Brief: Your copy of the data should match it exactly, leaving out only the pictures.

□ □ □ □ □ □ □

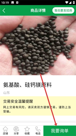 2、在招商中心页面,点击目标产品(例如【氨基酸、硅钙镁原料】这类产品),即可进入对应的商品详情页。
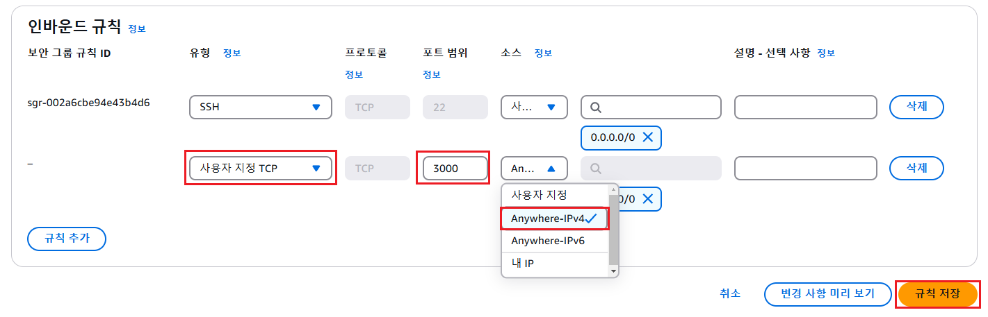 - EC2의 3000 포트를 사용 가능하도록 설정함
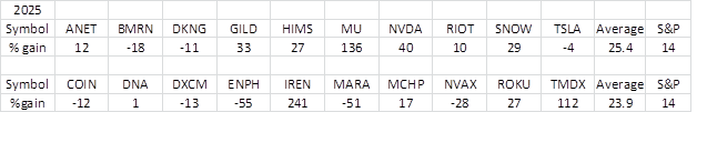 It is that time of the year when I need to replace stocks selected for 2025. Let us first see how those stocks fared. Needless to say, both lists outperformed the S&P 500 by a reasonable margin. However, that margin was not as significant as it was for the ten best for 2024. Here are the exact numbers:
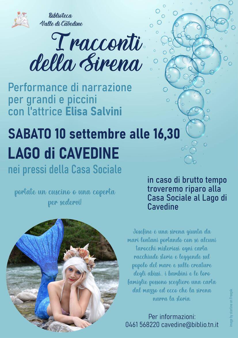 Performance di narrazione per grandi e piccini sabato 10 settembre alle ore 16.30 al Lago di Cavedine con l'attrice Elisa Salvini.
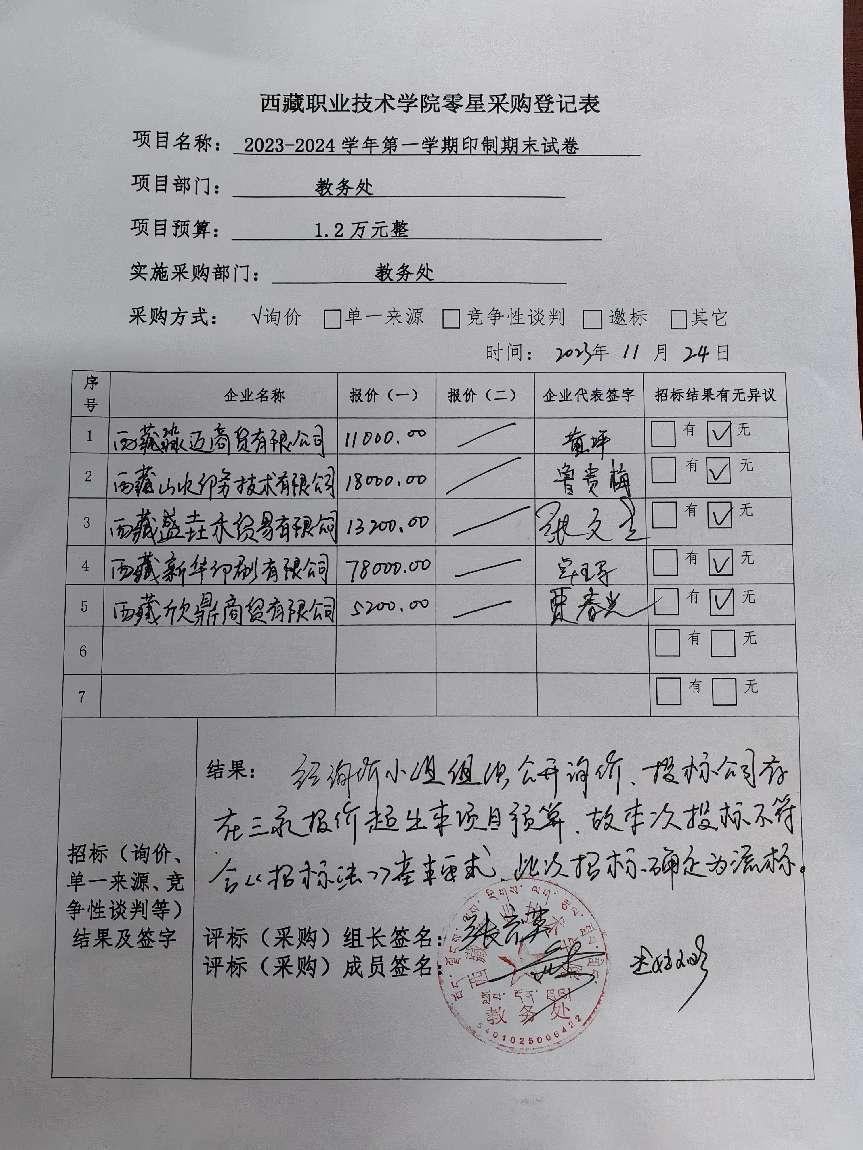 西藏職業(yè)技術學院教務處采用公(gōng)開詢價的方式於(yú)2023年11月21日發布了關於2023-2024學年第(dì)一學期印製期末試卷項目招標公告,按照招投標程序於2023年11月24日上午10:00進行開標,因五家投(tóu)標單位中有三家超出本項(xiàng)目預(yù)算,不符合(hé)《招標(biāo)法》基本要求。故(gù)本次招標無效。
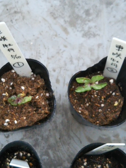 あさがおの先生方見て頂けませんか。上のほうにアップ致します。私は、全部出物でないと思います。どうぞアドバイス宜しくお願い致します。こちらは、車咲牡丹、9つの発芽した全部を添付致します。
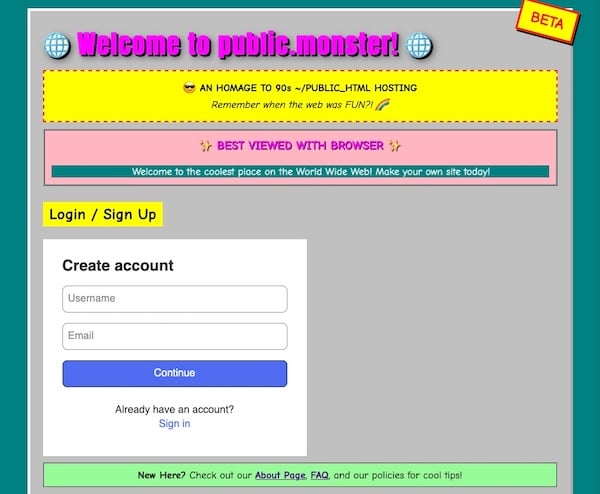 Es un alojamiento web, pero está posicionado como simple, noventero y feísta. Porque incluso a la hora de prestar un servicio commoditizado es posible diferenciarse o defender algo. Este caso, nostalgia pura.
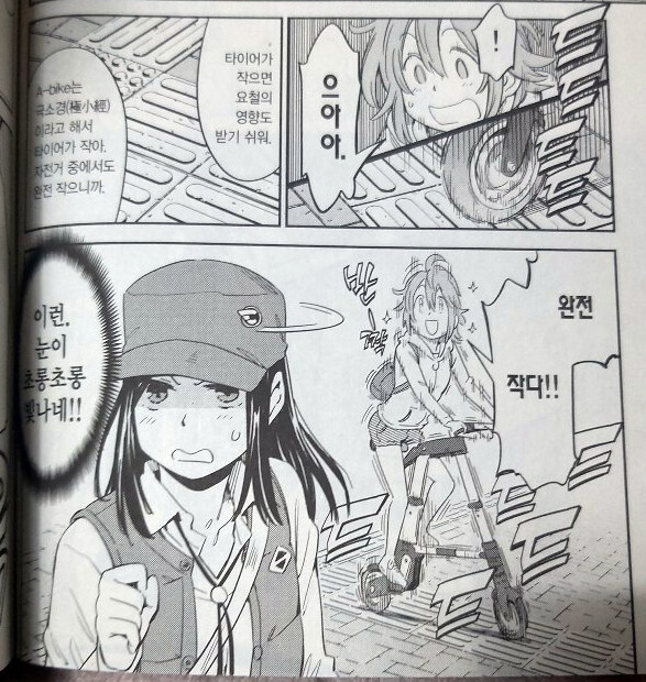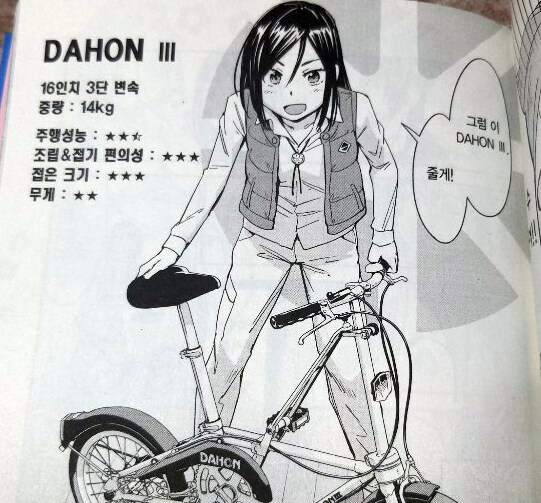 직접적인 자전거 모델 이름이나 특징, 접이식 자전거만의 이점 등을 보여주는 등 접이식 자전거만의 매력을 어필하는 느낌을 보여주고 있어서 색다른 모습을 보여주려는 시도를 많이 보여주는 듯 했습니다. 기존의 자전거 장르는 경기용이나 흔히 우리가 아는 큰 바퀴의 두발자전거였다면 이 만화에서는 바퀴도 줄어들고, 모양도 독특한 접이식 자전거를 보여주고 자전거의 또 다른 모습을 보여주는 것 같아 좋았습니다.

□ □ □ □ □ □ □

Result of the exercise:
 2、在招商中心页面,点击目标产品(例如【氨基酸、硅钙镁原料】这类产品),即可进入对应的商品详情页。
 - EC2의 3000 포트를 사용 가능하도록 설정함
 It is that time of the year when I need to replace stocks selected for 2025. Let us first see how those stocks fared. Needless to say, both lists outperformed the S&P 500 by a reasonable margin. However, that margin was not as significant as it was for the ten best for 2024. Here are the exact numbers:
 Performance di narrazione per grandi e piccini sabato 10 settembre alle ore 16.30 al Lago di Cavedine con l'attrice Elisa Salvini.
 西藏職業(yè)技術學院教務處采用公(gōng)開詢價的方式於(yú)2023年11月21日發布了關於2023-2024學年第(dì)一學期印製期末試卷項目招標公告,按照招投標程序於2023年11月24日上午10:00進行開標,因五家投(tóu)標單位中有三家超出本項(xiàng)目預(yù)算,不符合(hé)《招標(biāo)法》基本要求。故(gù)本次招標無效。
 あさがおの先生方見て頂けませんか。上のほうにアップ致します。私は、全部出物でないと思います。どうぞアドバイス宜しくお願い致します。こちらは、車咲牡丹、9つの発芽した全部を添付致します。
 Es un alojamiento web, pero está posicionado como simple, noventero y feísta. Porque incluso a la hora de prestar un servicio commoditizado es posible diferenciarse o defender algo. Este caso, nostalgia pura.
 직접적인 자전거 모델 이름이나 특징, 접이식 자전거만의 이점 등을 보여주는 등 접이식 자전거만의 매력을 어필하는 느낌을 보여주고 있어서 색다른 모습을 보여주려는 시도를 많이 보여주는 듯 했습니다. 기존의 자전거 장르는 경기용이나 흔히 우리가 아는 큰 바퀴의 두발자전거였다면 이 만화에서는 바퀴도 줄어들고, 모양도 독특한 접이식 자전거를 보여주고 자전거의 또 다른 모습을 보여주는 것 같아 좋았습니다.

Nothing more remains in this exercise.